Data extract
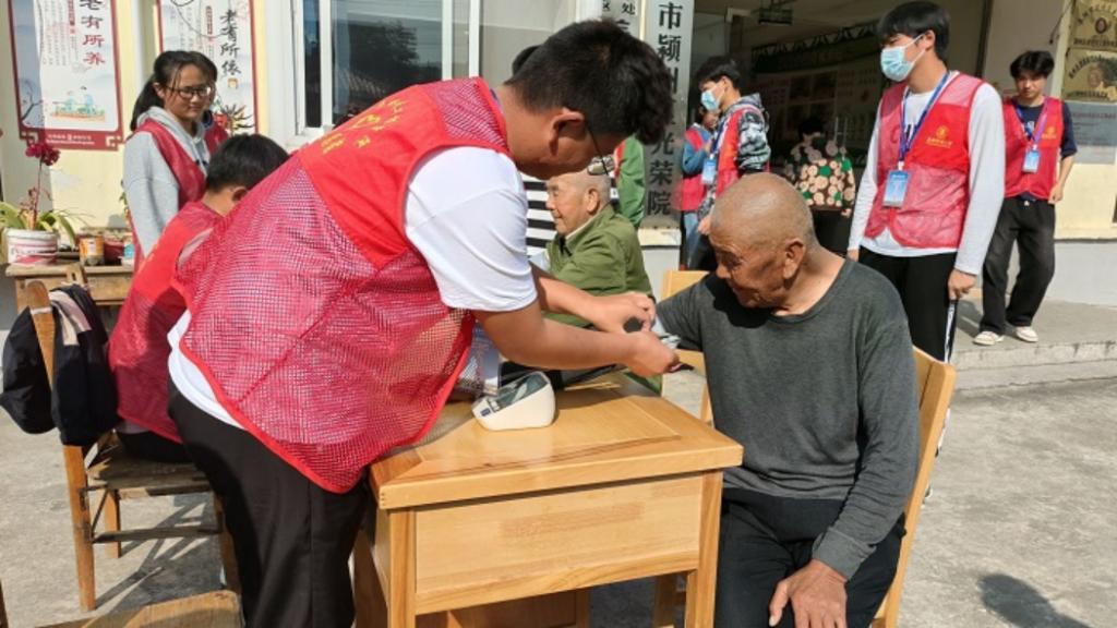为大力弘扬中华优秀传统文化,厚植尊老、敬老、爱老、助老的优良传统,营造传统节日文化氛围,大力弘扬“奉献、友爱、互助、进步”的志愿精神,增强青年学生的感恩意识和社会公德意识,引导学生尊老爱老,10月21日,在重阳节到来之际,我院团委组织青年志愿者到阜阳市颍州区光荣院开展“九九重阳节,浓浓敬老情”志愿服务活动,为老人们送去温暖与欢乐。
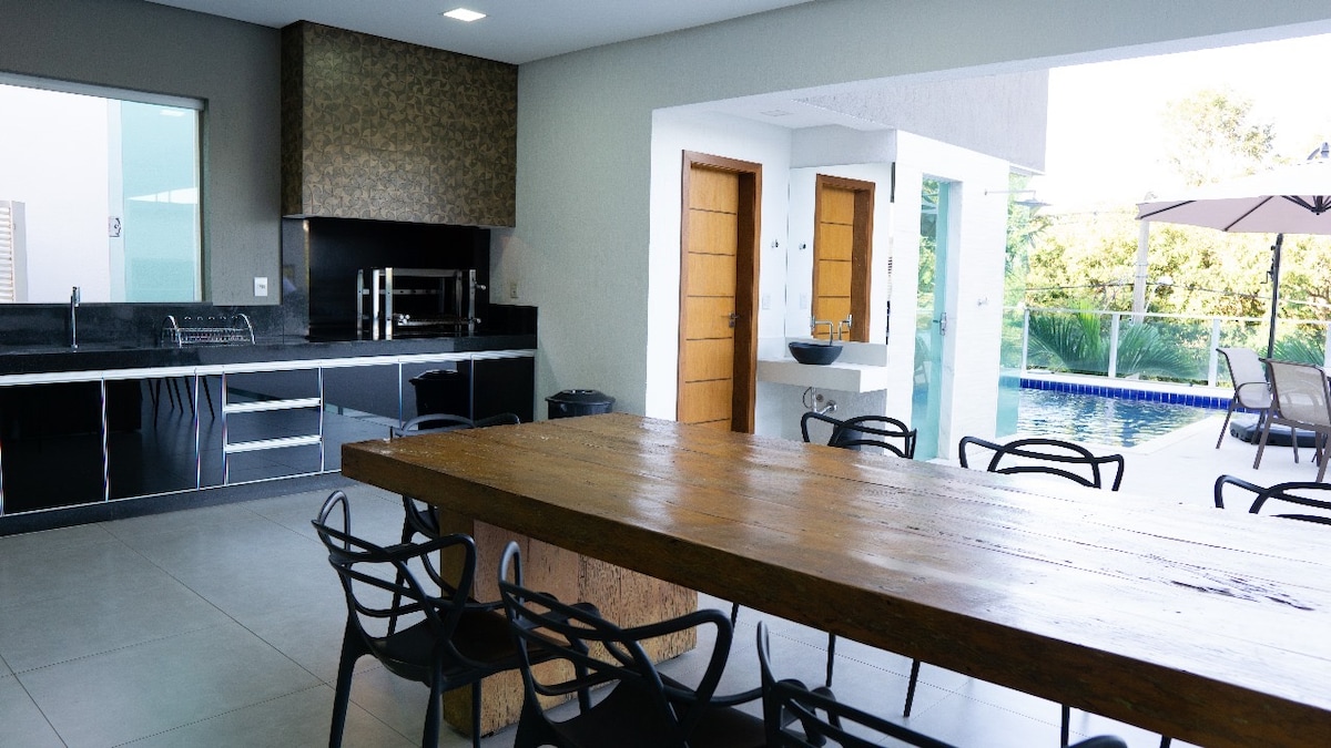 Elegantes Haus, perfekt für Gruppenreisen (bietet Platz für bis zu 19 Personen) 🏡Casa Nova und gut eingerichtet in Escarpas do Lago 📍Tolle Lage und sensationelle Aussicht ❄Klimaanlage in allen Suiten. 🚿7 Suiten (Master-Suite mit Whirlpool) 🛜Drahtloses Internet gratis 🛁Beheizter Whirlpool (Gasheizung) Beheizter Infinity🏊🏻 Pool (Solarheizung) 🧖♂️ Sauna 🥩Grill 🍽 Bestechung 🍳 Töpfe 🥂 Schalen 🖥Wohnbereich - mit TV
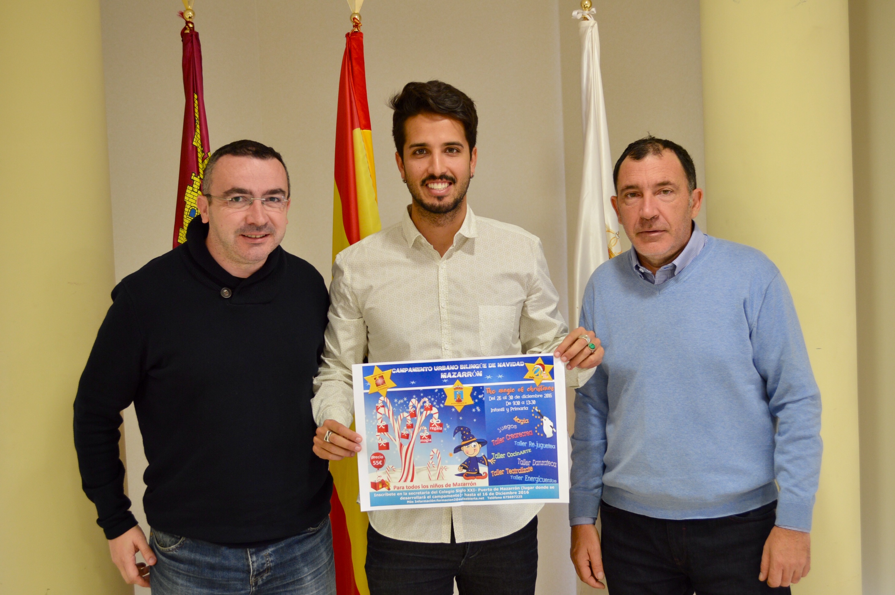 La Concejalía de Educación del Ayuntamiento de Mazarrón, en colaboración con el Colegio Siglo XXI y la empresa Aula Abierta, han programado entre el 23 y el 30 de diciembre un Campamento Urbano Bilingüe dirigido a todos los escolares del municipio de educación Infantil y Primaria. La actividad, que favorece la conciliación laboral y familiar, ha sido presentada este miércoles por el concejal de Educación, Patricio Sánchez, el director del Colegio Siglo XXI, Pedro Belchí y Julio Núñez, de Aula Abierta.
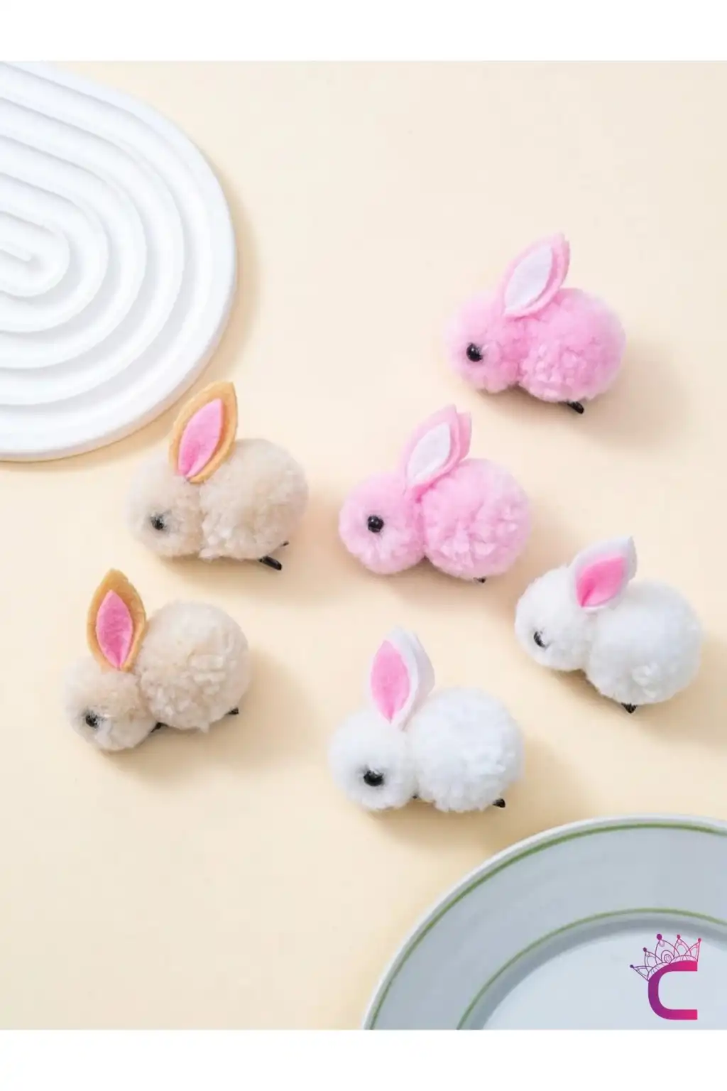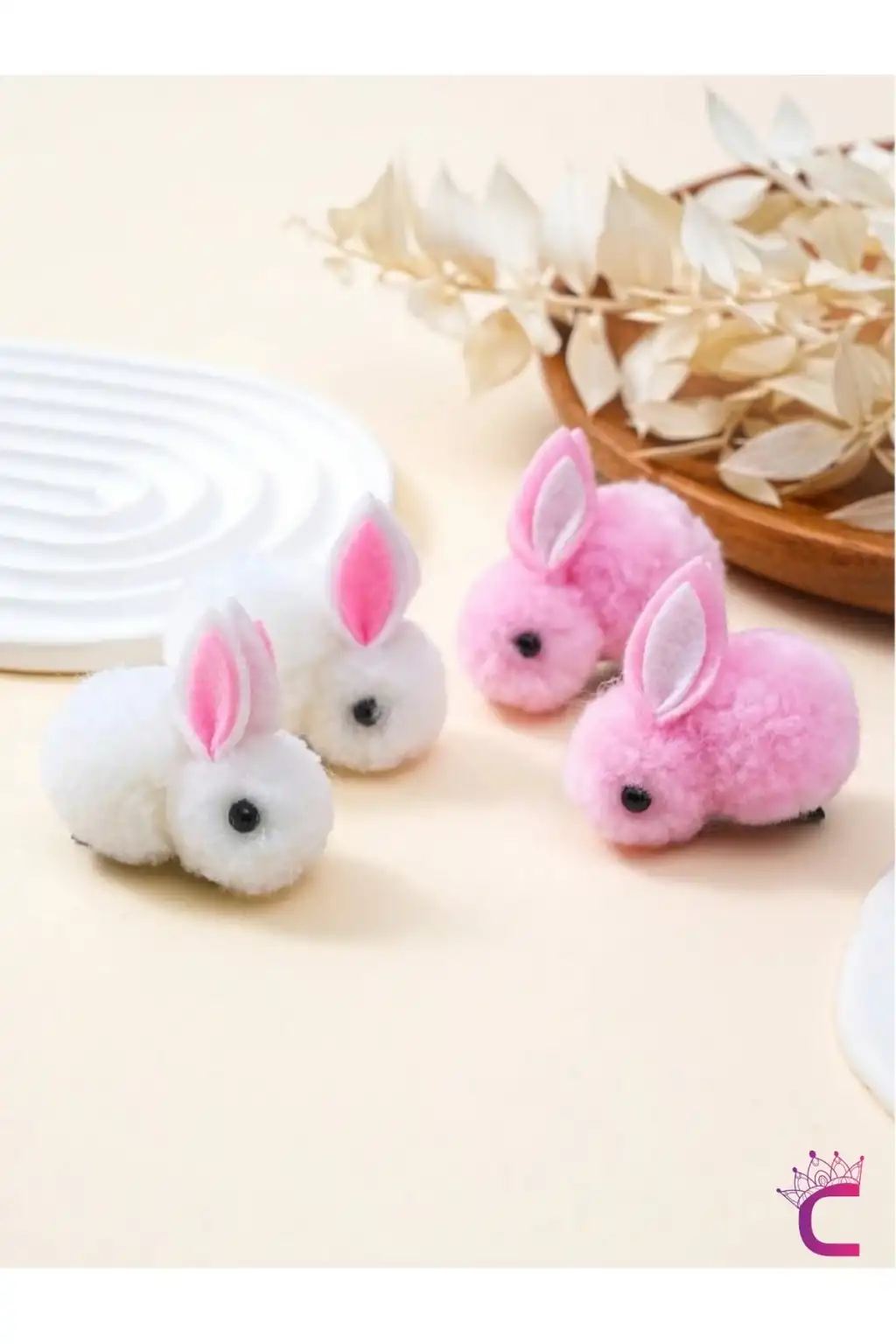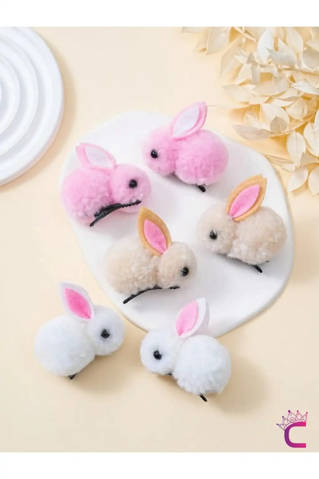 6'lı Beyaz Pembe Bej Tavşanlı Yumuşak Astarlı Pens Toka Seti - Kız Bebek Çocuk Klipsli Saç Tokası

The problem
What this calls for is a word-for-word copy of the listing above, pictures excluded.

Solved problem
为大力弘扬中华优秀传统文化,厚植尊老、敬老、爱老、助老的优良传统,营造传统节日文化氛围,大力弘扬“奉献、友爱、互助、进步”的志愿精神,增强青年学生的感恩意识和社会公德意识,引导学生尊老爱老,10月21日,在重阳节到来之际,我院团委组织青年志愿者到阜阳市颍州区光荣院开展“九九重阳节,浓浓敬老情”志愿服务活动,为老人们送去温暖与欢乐。
 Elegantes Haus, perfekt für Gruppenreisen (bietet Platz für bis zu 19 Personen) 🏡Casa Nova und gut eingerichtet in Escarpas do Lago 📍Tolle Lage und sensationelle Aussicht ❄Klimaanlage in allen Suiten. 🚿7 Suiten (Master-Suite mit Whirlpool) 🛜Drahtloses Internet gratis 🛁Beheizter Whirlpool (Gasheizung) Beheizter Infinity🏊🏻 Pool (Solarheizung) 🧖♂️ Sauna 🥩Grill 🍽 Bestechung 🍳 Töpfe 🥂 Schalen 🖥Wohnbereich - mit TV
 La Concejalía de Educación del Ayuntamiento de Mazarrón, en colaboración con el Colegio Siglo XXI y la empresa Aula Abierta, han programado entre el 23 y el 30 de diciembre un Campamento Urbano Bilingüe dirigido a todos los escolares del municipio de educación Infantil y Primaria. La actividad, que favorece la conciliación laboral y familiar, ha sido presentada este miércoles por el concejal de Educación, Patricio Sánchez, el director del Colegio Siglo XXI, Pedro Belchí y Julio Núñez, de Aula Abierta.
 6'lı Beyaz Pembe Bej Tavşanlı Yumuşak Astarlı Pens Toka Seti - Kız Bebek Çocuk Klipsli Saç Tokası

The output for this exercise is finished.